Jack Dorsey stated in an email three months later that “Mudge signed.”
Less than three months later, Zatko gave Twitter executives his first significant recommendation: “hire the Alethea Group.”
“I feel an external investigation may be quite valuable,” he said over the company’s Slack channel. “I’d recommend Alethea group for the disinformation angle.”
Twitter authorized the move. A few weeks later, Zatko that Alethea be hired by Twitter’s legal department to write a report that would center on January 6.

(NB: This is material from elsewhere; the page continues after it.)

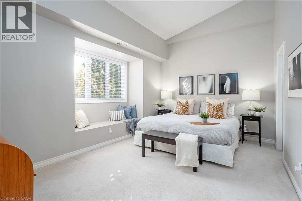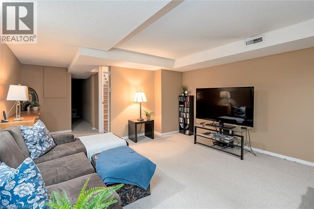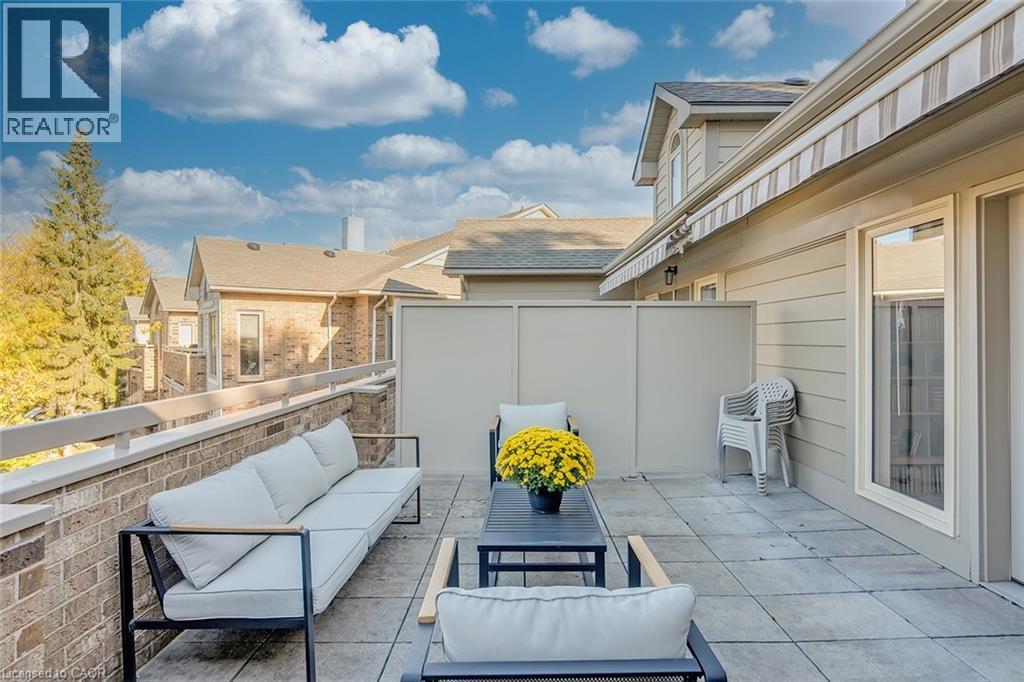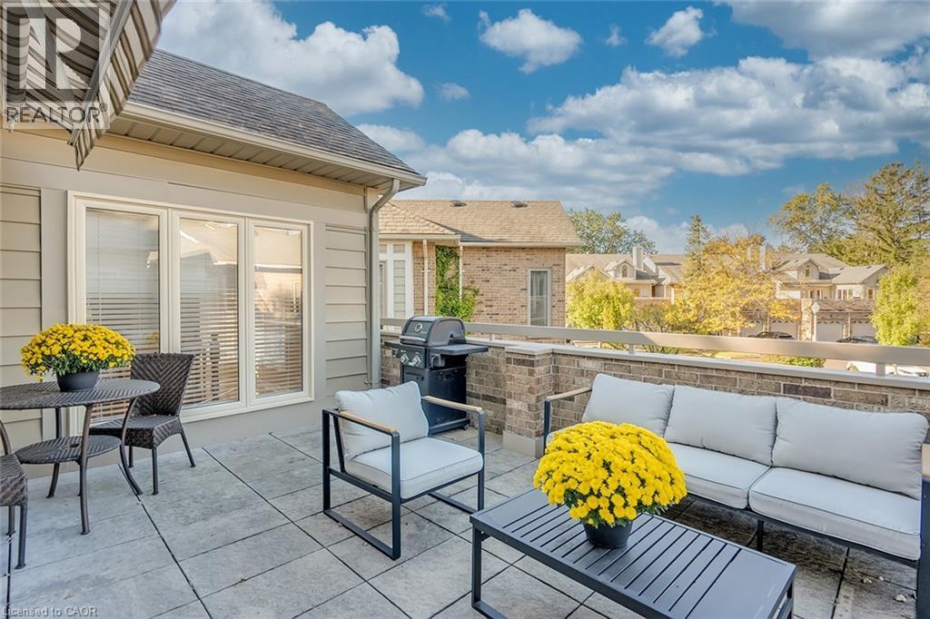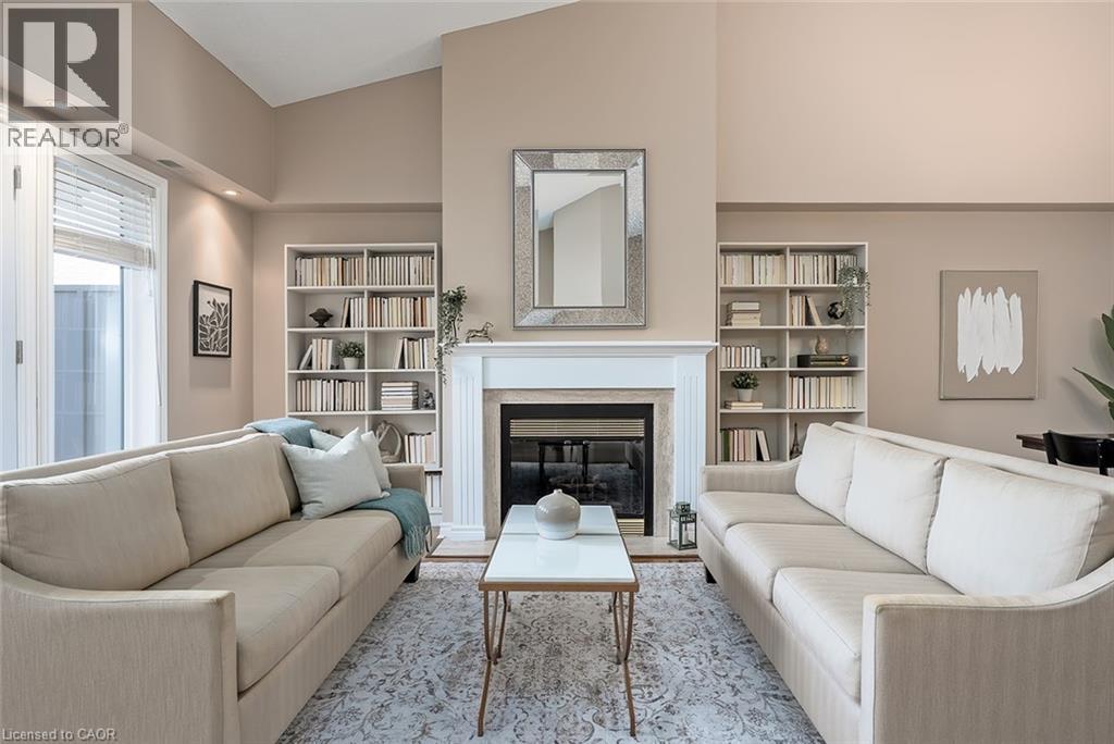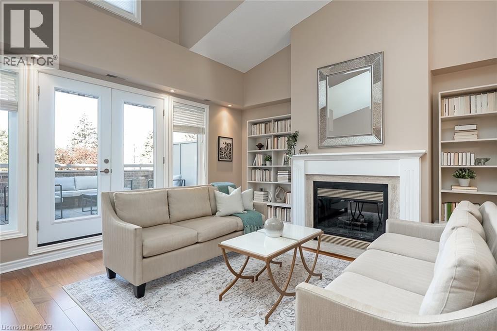 Welcome to The Terraces, a prestigious and seldom-offered enclave nestled in one of Burlington’s most desirable neighbourhoods; Roseland. This bright end-unit townhome offers just over 1,900 sq. ft. of beautifully finished living space, featuring 2 bedrooms, 2 bathrooms, and an open-concept layout that blends comfort with timeless style. The spacious living and dining room is filled with natural light and highlighted by soaring vaulted ceilings, rich walnut flooring, and a cozy gas fireplace. French doors lead to your private terrace with an awning — an ideal spot to unwind outdoors, whether enjoying a quiet morning or a peaceful evening. The cheerful kitchen provides ample counter space and storage, while the main-floor primary suite is a true retreat with a 4-piece ensuite and generous his-and-hers closets. A second bedroom with a walk-in closet offers flexible space for guests or a home office, with convenient access to the main 3-piece bath. Main floor laundry further enhances the ease of everyday living. Downstairs, the fully finished basement adds valuable bonus space with a recreation room, den, and rough-in for an additional bathroom. Inside entry from the attached garage and plenty of visitor parking complete the package. With snow removal right to your door, landscaping, and exterior maintenance all taken care of, this home offers the ultimate in worry-free living — perfect for those seeking a simplified lifestyle without giving up space or quality. Ideally located close to downtown Burlington, the waterfront, parks and trails, shopping, and highway access, this immaculate home delivers exceptional comfort, convenience, and community in an unbeatable Roseland setting. (id:64974)

“As folks can understand,” he wrote on Feb. 4, 2021, “there’s a lot still going on around Jan 6th and the 2020 election in general. Alethea is a boutique consultancy that specializes in disinformation and counter-messaging operations. They have been working with myself and Yoel [Roth].“
Zatko, in the meantime, sent a 12-page report by email on March 24, 2021, urging increased censorship through government connections, stating that “the organizations and people behind this recommendation have the connection [sic] to get this in front of the right people in the administration.”
The report is co-authored by Aspen Institute’s Vivian Schiller, who led the “pre-bunking” of the Hunter Biden laptop story, and Hamilton68 hoax author Clint Watts, and is published by the Mossavar-Rahmani Center at the Harvard Kennedy School and NYU Stern Center for Business and Human Rights.
-Public
Later, it was revealed that Alethea’s pusher, Zatko, “had engaged with members of US intelligence agencies…” According to Public, “Attitudes toward Zatko would be quite different two years later.”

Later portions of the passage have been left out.